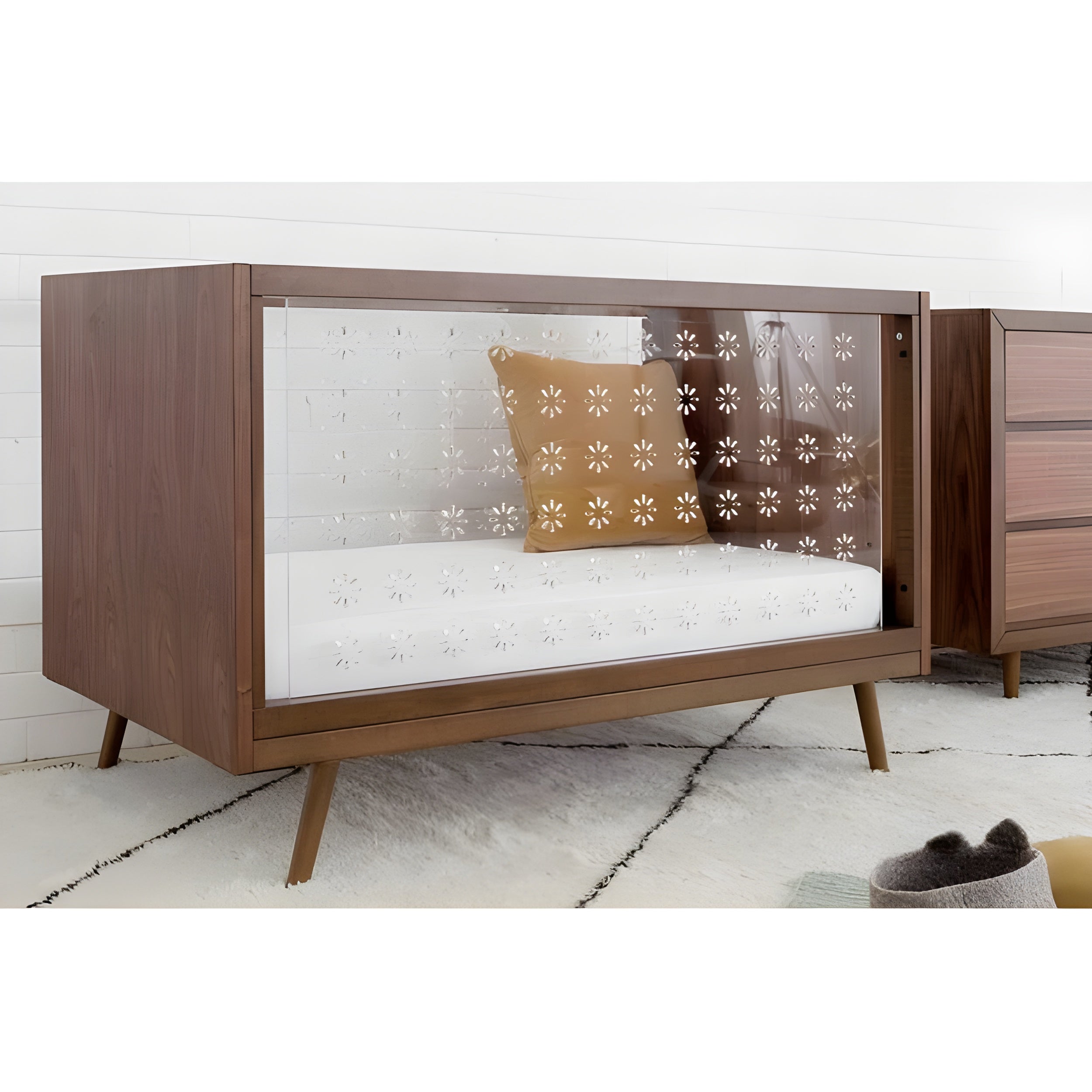 Sleek, Modern Aesthetic: The Ubabub Nifty Clear 3-In-1 Crib features a clean, minimalist design with transparent clear acrylic sides, giving it a modern, airy look that effortlessly complements contemporary nursery themes. Its stylish finish makes it an eye-catching centerpiece.
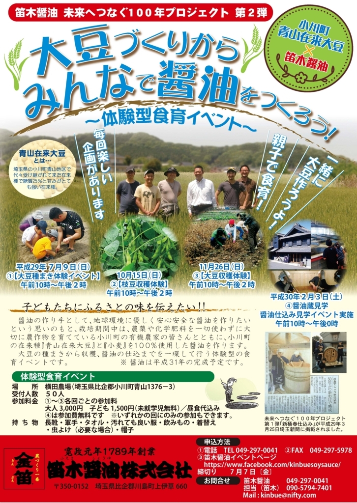 「安心安全な醤油・ふるさとの味を100年先に伝えたい」、そんな笛木醤油の想いに共感いただいた小川町の有機農家さんたちと、大豆の種まきから収穫、醤油の仕込みまでを体験できるイベントを開催することになりました。
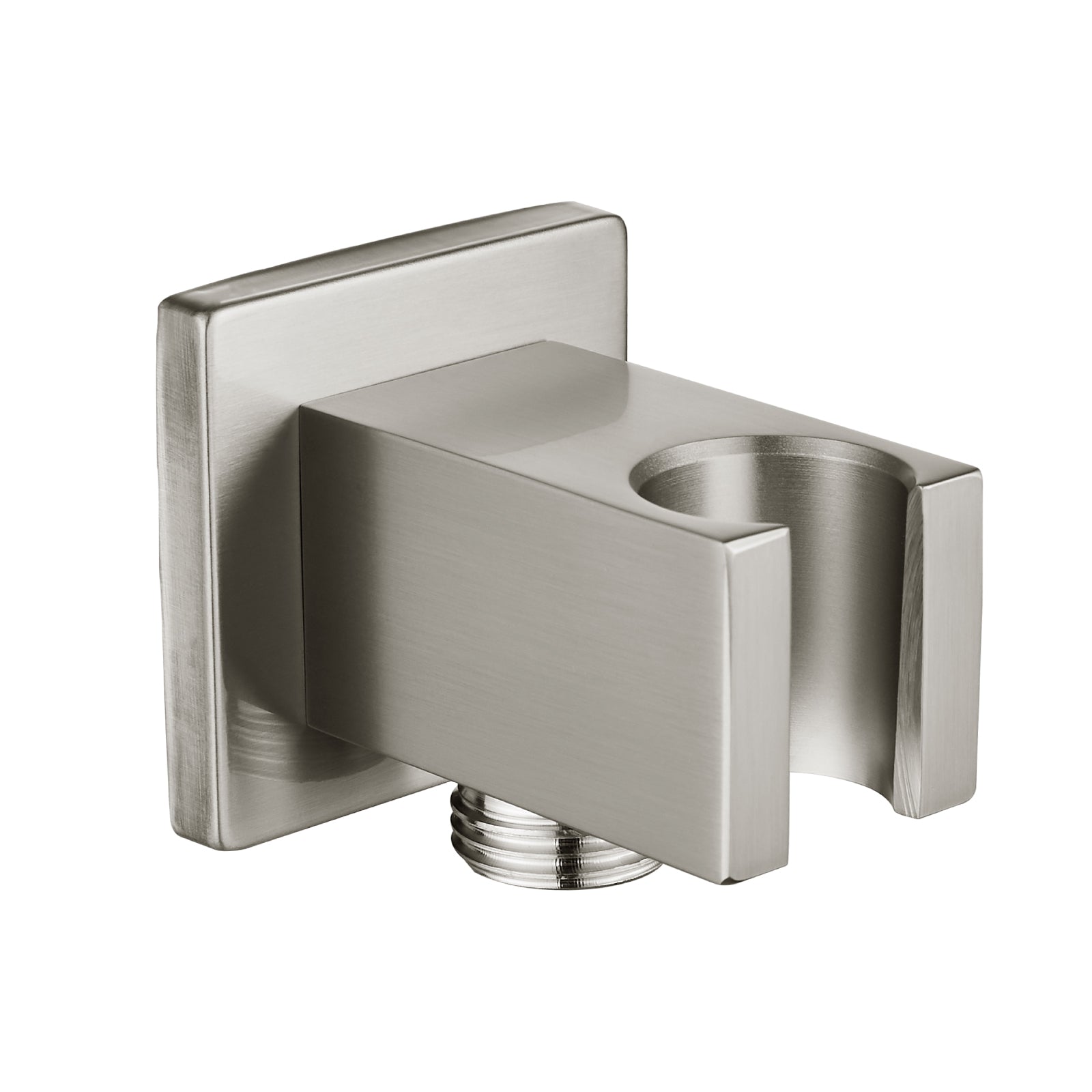 【Universal Standard】:The bracket features standard G 1/2" male threads for shower hose connection and NPT 1/2" for water pipe connection in the wall, fitting most handheld shower hand.

ACTIVITY | Nothing but an exact copy of the data, without pictures, should be returned.

TASK ANSWER |
 Sleek, Modern Aesthetic: The Ubabub Nifty Clear 3-In-1 Crib features a clean, minimalist design with transparent clear acrylic sides, giving it a modern, airy look that effortlessly complements contemporary nursery themes. Its stylish finish makes it an eye-catching centerpiece.
 「安心安全な醤油・ふるさとの味を100年先に伝えたい」、そんな笛木醤油の想いに共感いただいた小川町の有機農家さんたちと、大豆の種まきから収穫、醤油の仕込みまでを体験できるイベントを開催することになりました。
 【Universal Standard】:The bracket features standard G 1/2" male threads for shower hose connection and NPT 1/2" for water pipe connection in the wall, fitting most handheld shower hand.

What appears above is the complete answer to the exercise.